Digital Archiving at the University of York: Archivematica for research data? The FAQs

Thinking of preserving research data? Wondering what Archivematica does? Interested in what it might cost?

What follows is a series of FAQs put together by the "Filling the digital preservation gap" project team and included as part A of our phase 1 project report. We hope you find this useful in helping to work out whether Archivematica is something you could use for RDM. There are bound to be questions we haven't answered so let us know if you want to know more...

************************************************

Why do we need a digital preservation system for research data?

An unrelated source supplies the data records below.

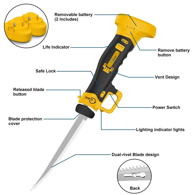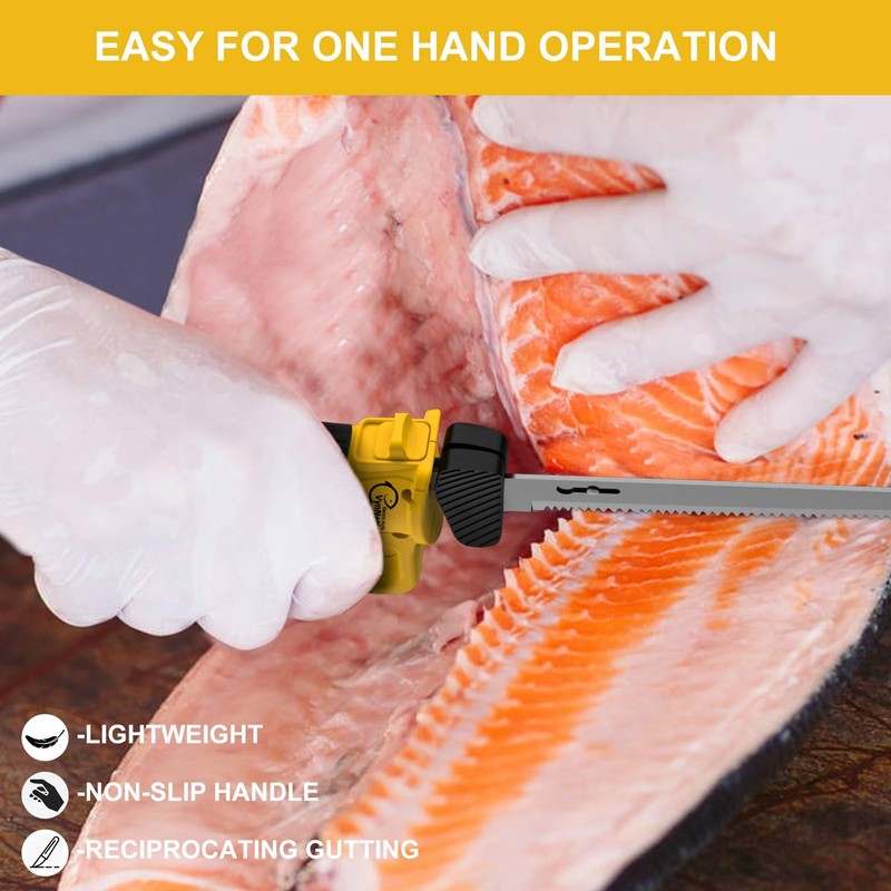 - 【Upgraded High-Performance Motor】 VynNetic cordless electric fillet knife features an advanced high-efficiency motor that ensures stable performance and long-lasting durability. This powerful motor delivers robust cutting while minimizing power consumption and noise. Ideal for both freshwater and saltwater fish, it provides fast and smooth cuts. Whether for home kitchens or professional use, it enhances cutting efficiency, saves time, and offers a seamless, effortless experience
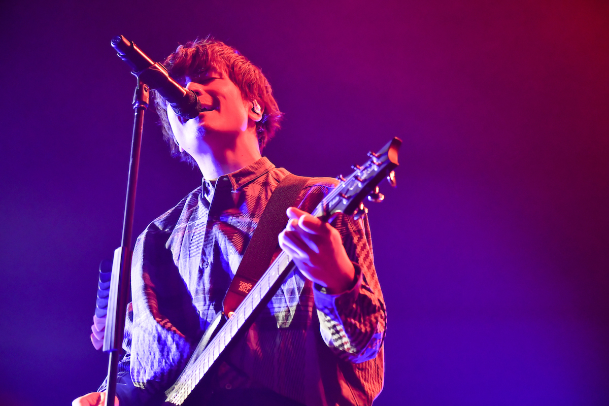 バンドの演奏で曲間を繋げながら、<例えあなたの時計止まってもまた会えると信じて止まらないから>というフレーズにZepp Tokyoへの想いを託した「シンクロック」、間奏に高橋武(Dr)のソロを組み込んだ「シンセンス」などを続けて披露。「全部音楽で返します」という発言通りの展開のなか、4人は高ぶる気持ちにダイブするように演奏。特にボーカルはいつになく熱が入っている。その熱量が頂点に達したのは、ちょうどこの日未明にMV再生数1億回を突破したメジャーデビュー曲「オドループ」が「何回来たとか、何回観たとか関係なく、今、この1人に届いてほしい!」(三原健司・Vo/Gt)という想いで鳴らされた瞬間。盛り上がる観客を前に満面の笑みを見せるのは三原康司(Ba)。お立ち台の上、上体を大きく反らしながらソロを披露するのは赤頭隆児(Gt)。高橋のプレイがバンドをさらに勢いづけ、フロアのテンションも上がるなか、健司は観客の表情を確かめて頷いている。
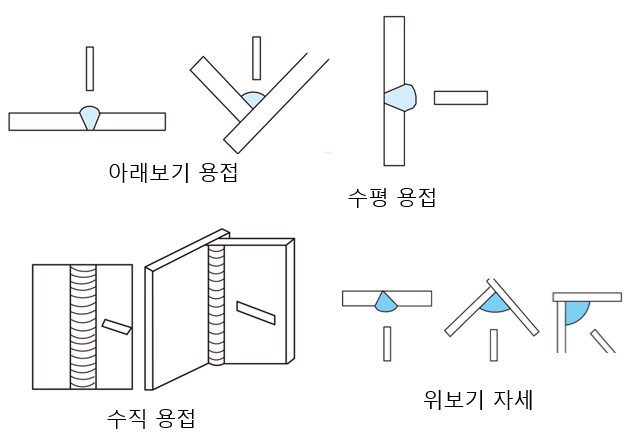 ▶용접자세는 크게 기본자세와 중간 자세로 나누어진다.
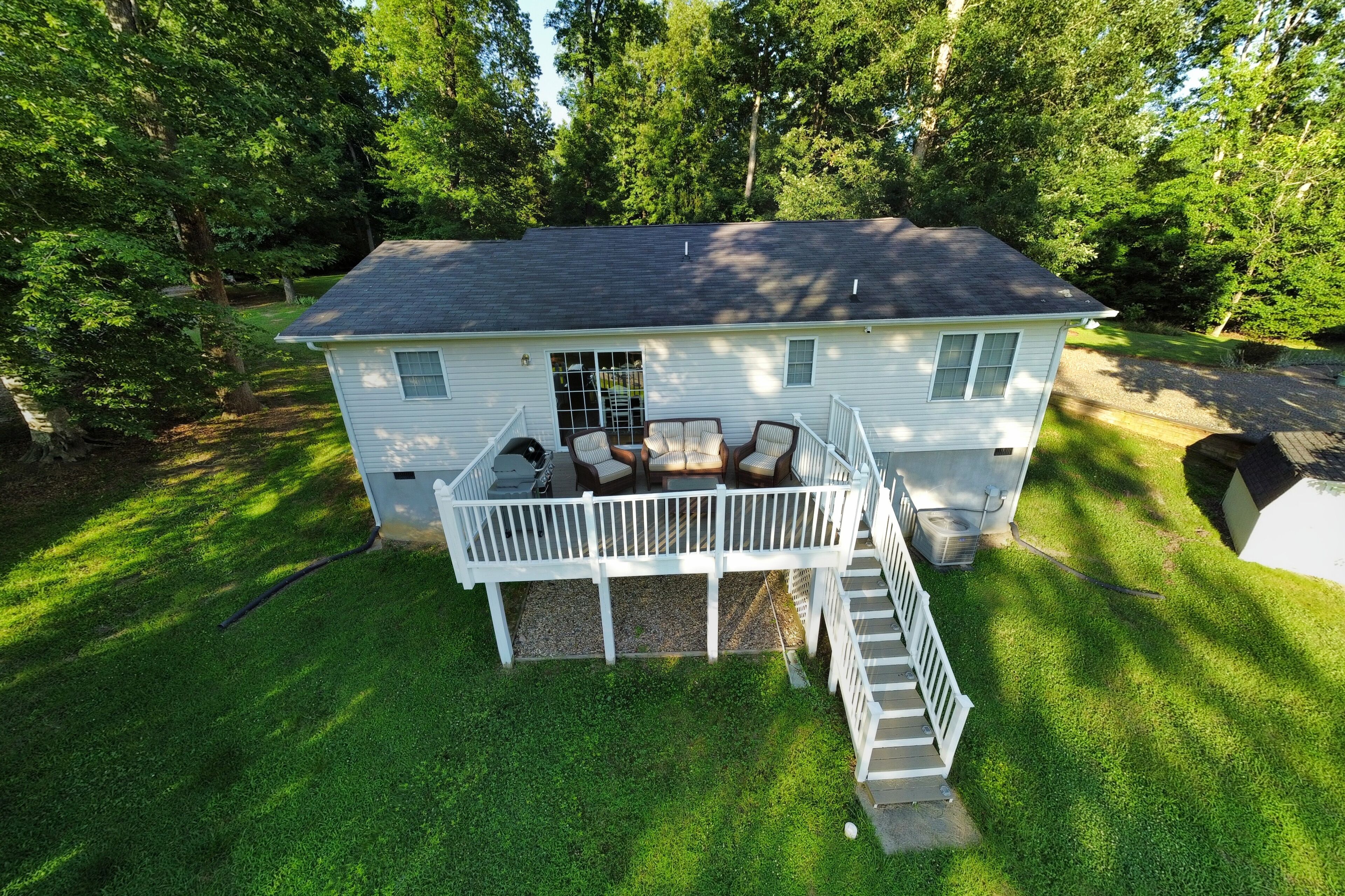 Relax with the family at this waterfront cottage. Cottage sits only 100 ft from water’s edge, in a quiet no-wake cove of Lake Anna. 1,200 sq ft cottage located on acre with space to park your boat. Boat dock to tie up water toys and 2 kayaks for your enjoyment. Community boat ramp is 2 minute drive. Soak up the sun or enjoy lunch on the boat dock, with a sandy beach for the little ones. Back deck with gas grill after a day on the water and morning coffee with water views and wooded surroundings.
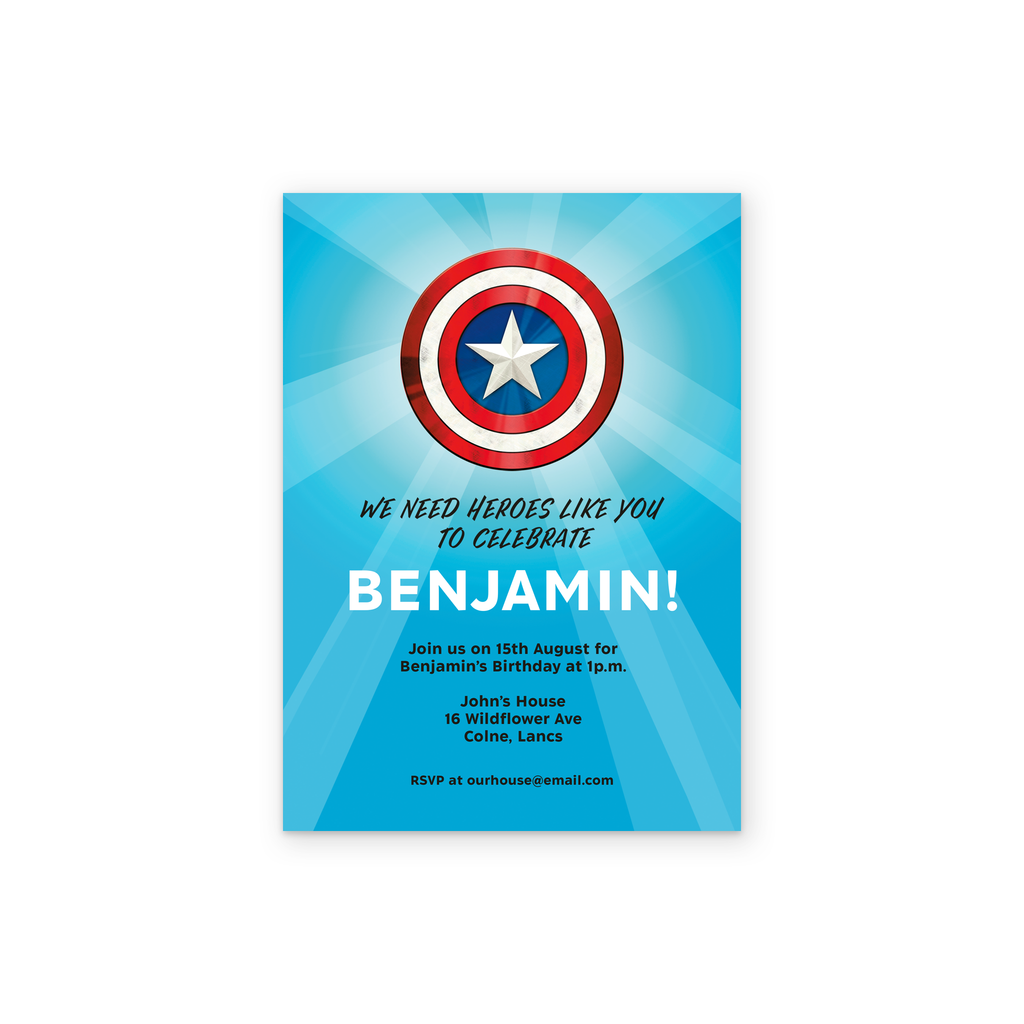 Printed on premium-quality board, this card features Captain America's iconic shield set against a blue background with a starburst effect behind the shield and black and white lettering below, with the message 'We need heroes like you to celebrate [NAME]! [PARTY DETAILS]', space to personalise your message, and comes complete with a co-ordinating white envelope.
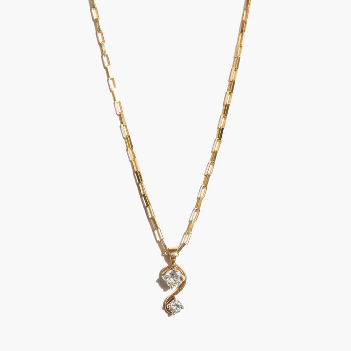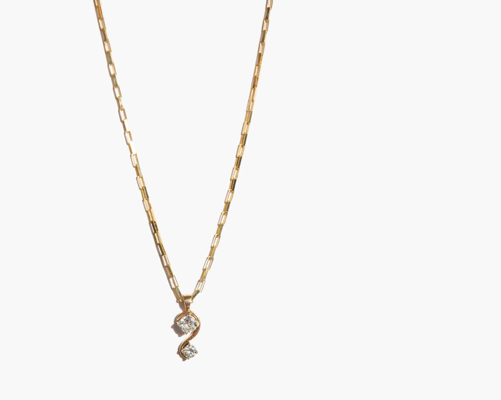 Sparkling 14k gold link chain with a sculptural 14k gold and diamond pendant that sits at the throat.
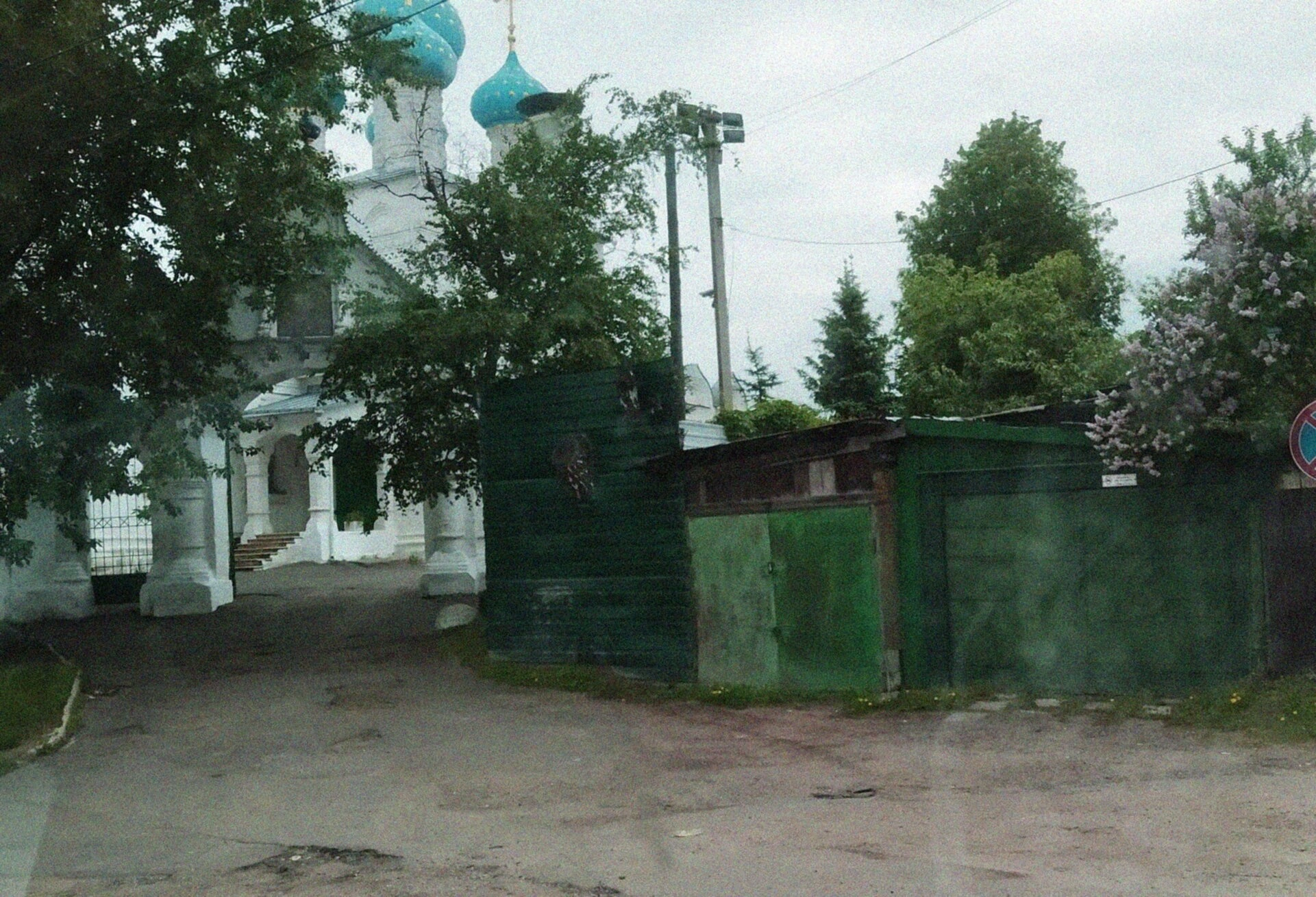 Рядом с церковью виднеются ухоженные деревья, часть ограждения территории и вспомогательные постройки, характерные для церковного подворья. На переднем плане обращает на себя внимание дорожный знак, ограничивающий сквозной проезд, что способствует сохранению молитвенной тишины и спокойствия на территории храма.
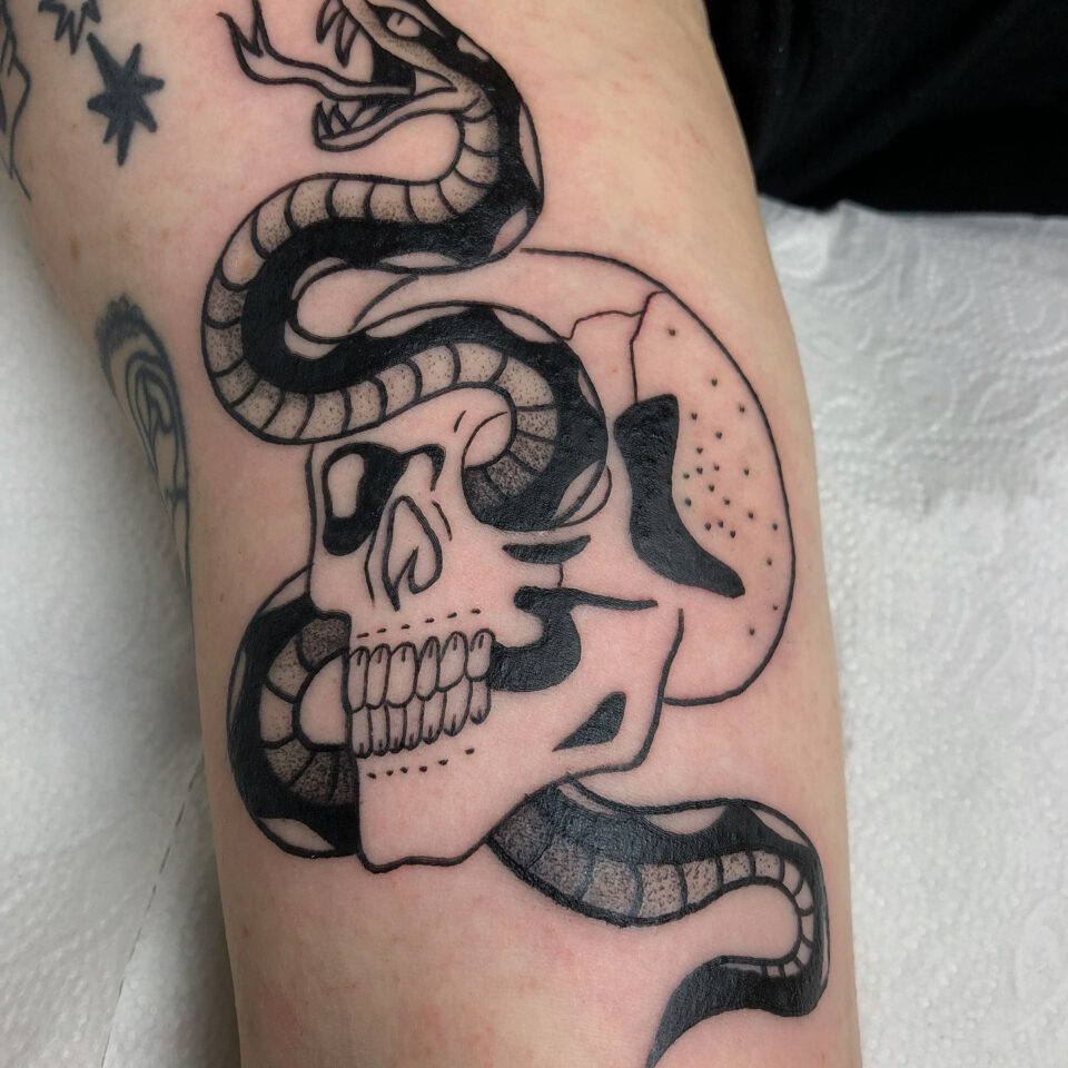 Tetování lebka a had na ruce
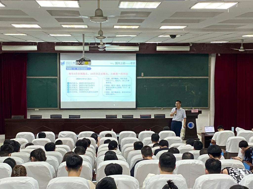 薛朝華首先介紹了當(dāng)前大背景下的就業(yè)形勢和學(xué)院首屆畢業(yè)生的就業(yè)情況。接著,分別就國內(nèi)考研、國外申研、就業(yè)展開分析,結(jié)合2023屆畢業(yè)生案例,在考研要點(diǎn)、申研文書寫作、簡歷制作等方面為同學(xué)們提供了切實(shí)可行的建議。他希望,學(xué)生要統(tǒng)籌好大四階段課程學(xué)習(xí)及個(gè)人發(fā)展目標(biāo)準(zhǔn)備,做好時(shí)間管理及精力分配,并就大四階段教學(xué)管理及考核做有關(guān)強(qiáng)調(diào)說明。他表示學(xué)院將全力支持學(xué)生升學(xué)就業(yè)工作,成為學(xué)生升學(xué)就業(yè)最堅(jiān)實(shí)的后盾。
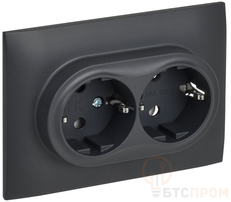 Розетка 2-м SKANDY 16А с заземл. без защ. шторок в сборе SK-R08T титан IEK SK-R21-16-K48-F фото в каталоге от BTSprom.by
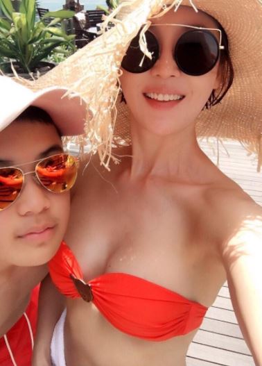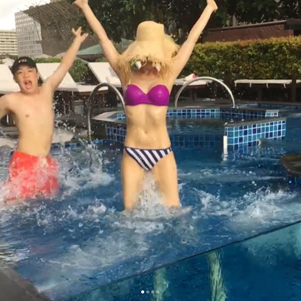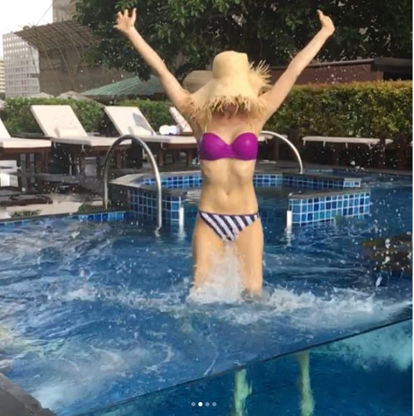 나이는 숫자에 불과했습니다. 44세의 나이에도 불구, 늘씬하고 탄탄한 보디라인을 자랑했고요. 비키니까지 완벽 소화했죠.

Research data should be seen as a valuable institutional asset and treated accordingly. Research data is often unique and irreplaceable. It may need to be kept to validate or verify conclusions recorded in publications. Funder, publisher and often internal university requirements ask that research data is available for others to consult and is preserved in a usable form after the project that generated it is complete.

In order to facilitate future access to research data we need to actively manage and curate it. Digital preservation is not just about implementing a good archival storage system or ‘preserving the bits’ it is about working within the framework set out by international standards (for example the Open Archival Information System) and taking steps to increase the chances of enabling meaningful re-use in the future.

What are the risks if we don't address digital preservation?

Digital preservation has been in the news this year (2015). An interview with Google CEO Vint Cerf in February grabbed the attention of the mainstream media with headlines about the fragility of a digital media and the onset of a digital dark age.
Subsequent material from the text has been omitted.